Before the end of the same day, an enthusiastic organization, “The Effingham Civic Foundation,” had been assembled to spearhead the effort to get financial contributions from local citizens, and to publicize the endeavor. There were scores of volunteers who mailed appeals by the thousands, as printers located up to 150 miles from the county produced flyers explaining the monetary needs. High school typing classes joined in the effort as they typed letters for mailing. These letters became known as the Dehn letters, named for the author.

$125,000 came into the foundation’s treasury from the greater Effingham area, as well as $406,527.67 from the 48 states which composed the United States at that time, and from four foreign countries. Boy Scouts stood on street corners collecting funds. Especially significant it seemed was the impact of that Life magazine article in publicizing the tragedy and in appealing to the generosity of the American public. Other dollars came from the federal government ($1,690,185.69), the State of Illinois ($487,888.65), and the Hospital Sisters of the Third Order of St. Francis ($1,646,546.67). The last named group also financed the chapel and garage.

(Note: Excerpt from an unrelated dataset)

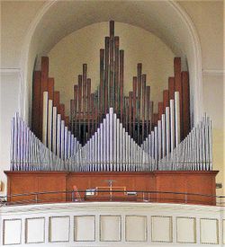 | Umbauten: | 1978 Geringe Umdisponierung durch Oberlinger. Umsetzen der Schwellwerkstrompete 8' ins Hauptwerk und Bau einer neuen Oboe 8' im Schwellwerk. Darüber hinaus wurde die Hauptwerksmixtur höhergelegt. 2012 Umbau durch Thomas Gaida, Spielbarmachung der Pedalzunge und der Hauptwerkstrompete als Auxiliar auf jeder Klaviatur. Bau eines neuen separaten Registertableaus und Restaurierung des originalen Spieltisches. |

The ground-breaking ceremony for the new structure was on Aug. 15, 1951, when the cornerstone was set in place in a solemn ceremony led by Bishop William A. O’Connor of Springfield. Approximately 1,000 people gathered for the event to listen to a series of speakers tell the story of the progress in the rebuilding effort.

When the dedication of the new hospital took place, on May 16, 1954, thousands went to the hospital grounds to hear Illinois’ governor, William Stratton, deliver the main address. Attendees saw that the area had united in triumph over one of the great tragedies in the nation’s history. From the ashes, a structure of great beauty had arisen. The building remains an object of great pride throughout the region.